Broadening Academia Initiative Hybrid Fellow
“The Life, Martyrdom, and Death Cult of Fascist Ion Motza in Interwar Europe”

Professional Background

R. Chris Davis received his PhD in modern history (2013) and MSt in historical research (2006) from the University of Oxford, an MA in cultural studies (2004) from Jagiellonian University, Krakow (2004), and a BA in English (1999) from the University of St. Thomas, Houston. Currently he is a Professor of History and Humanities at Lone Star College, Houston. He has also worked as a research assistant at the European Studies Centre at St Antony's College, University of Oxford and taught as a visiting lecturer at Romania's National School of Political Studies and Public Administration in Bucharest. Prior to his graduate studies, Dr. Davis served two years in the US Peace Corps in Romania. His scholarship and teaching have been supported by Fulbright, American Council of Learned Societies (ACLS), and International Research & Exchanges Board (IREX) grants and fellowships. In addition, Dr. Davis  was a research fellow at both the Centre for Advanced Study (Sofia, Bulgaria) and New Europe College (Bucharest, Romania); and a consultant and editor for several research projects and working groups in east central Europe, including the European Network for Research and Cooperation on Roma (Gypsy) Issues. Since 2013, he has served as the book reviews editor for H-Romania, an H-Net (Humanities & Social Sciences Online) Network.

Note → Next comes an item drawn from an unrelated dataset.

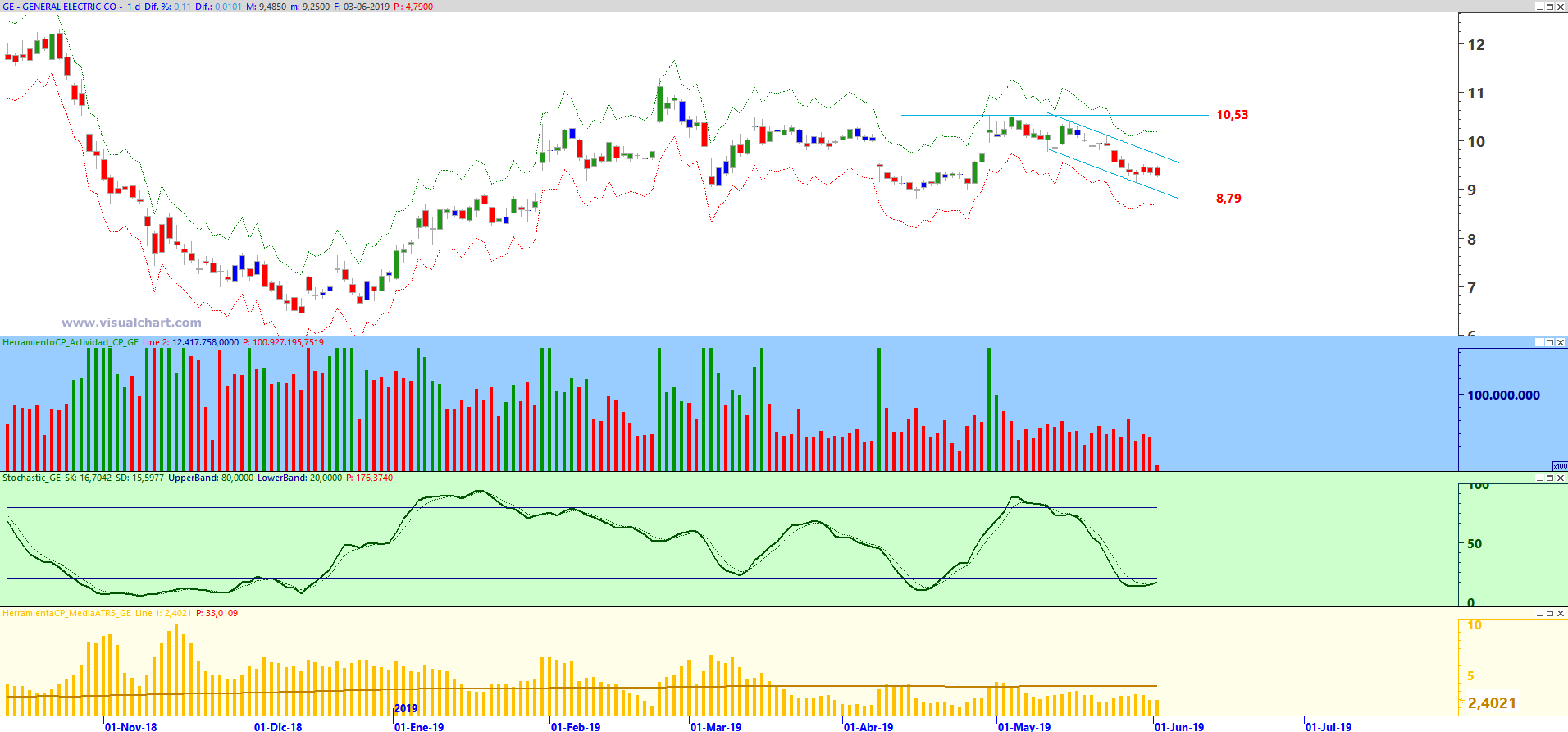 General Electric desarrolla un proceso de canalización decreciente en el corto plazo, acumulando una serie de velas rojas consecutivas que, en el corto plazo, denotan dominio de las ventas. En este sentido, la cotización se aproxima a la zona de soporte que identificamos en los 8,79, que es el soporte secundario o de medio plazo más próximo y que funciona como la banda inferior de negociación de un proceso lateral vigente a lo largo de los últimos meses. Por ello, las perspectivas no son muy halagüeñas y no asistiremos a cambios significativos al alza mientras la cotización permanezca por debajo de los 10,53.

Dr. Davis’s research interests include the cultures and histories of central and eastern Europe, with a focus on minorities, religion, and historiography. His book, Hungarian Religion, Romanian Blood: A Minority’s Struggle for National Belonging, 1920–45, published by the University of Wisconsin Press (2019), won the Association for Slavic, East European & Eurasian Studies’ Barbara Jelavich Book Prize for “distinguished monograph published on any aspect of Southeast European or Habsburg studies since 1600, or nineteenth- and twentieth-century Ottoman or Russian diplomatic history.”

Fellowship Research

R. Chris Davis was awarded a Broadening Academia Initiative Hybrid Fellowship for his research project, “The Life, Martyrdom, and Death Cult of Fascist Ion Motza in Interwar Europe.” This project uses the representative biography of Romanian activist Ion Motza (1902– 1937) to tell the story of how a Sorbonne-educated lawyer became a notorious fascist, criminal, and martyr in interwar Europe. Motza co-led Romania’s ultranationalist Legion of the Archangel Michael, helped assassinate numerous Romanian politicians in the 1930s, and died fighting for Franco’s Spanish Foreign Legion in the Spanish Civil War.

The project aims to internationalize the local but seminal events centered on an otherwise obscure Romanian life story, resituating an east-central European biography within a broader, transnational history of the Holocaust. It will place the lives and activities of Motza and his contemporaries in a broader historical, geographical, and even professional context, prising open a simple but essential question: What do their education and travels, particularly abroad in western and central Europe during the 1930s, tell us about their future lives as fascists and anti-Semites who would lay the ideological groundwork for the Holocaust in World War II? 

This fellowship allows Dr. Davis to use the archival collections of the USHMM, notably the various Romanian government ministries from the 1930s and 40s, as well as the document and publication holdings on the Spanish Civil War. The funding will facilitate archival and other research for a biography of Ion Motza, to be published as an academic monograph, as well as a journal article. Dr. Davis’s research at USHMM aims to widen the scope of Holocaust studies in Romania by examining how individuals were radicalized abroad, particularly as students in the legal profession, and explore how their willingness to fight and die for another country’s fascism in the 1930s inspired, bolstered, and legitimized the politics enabling the Holocaust back home in the 1940s.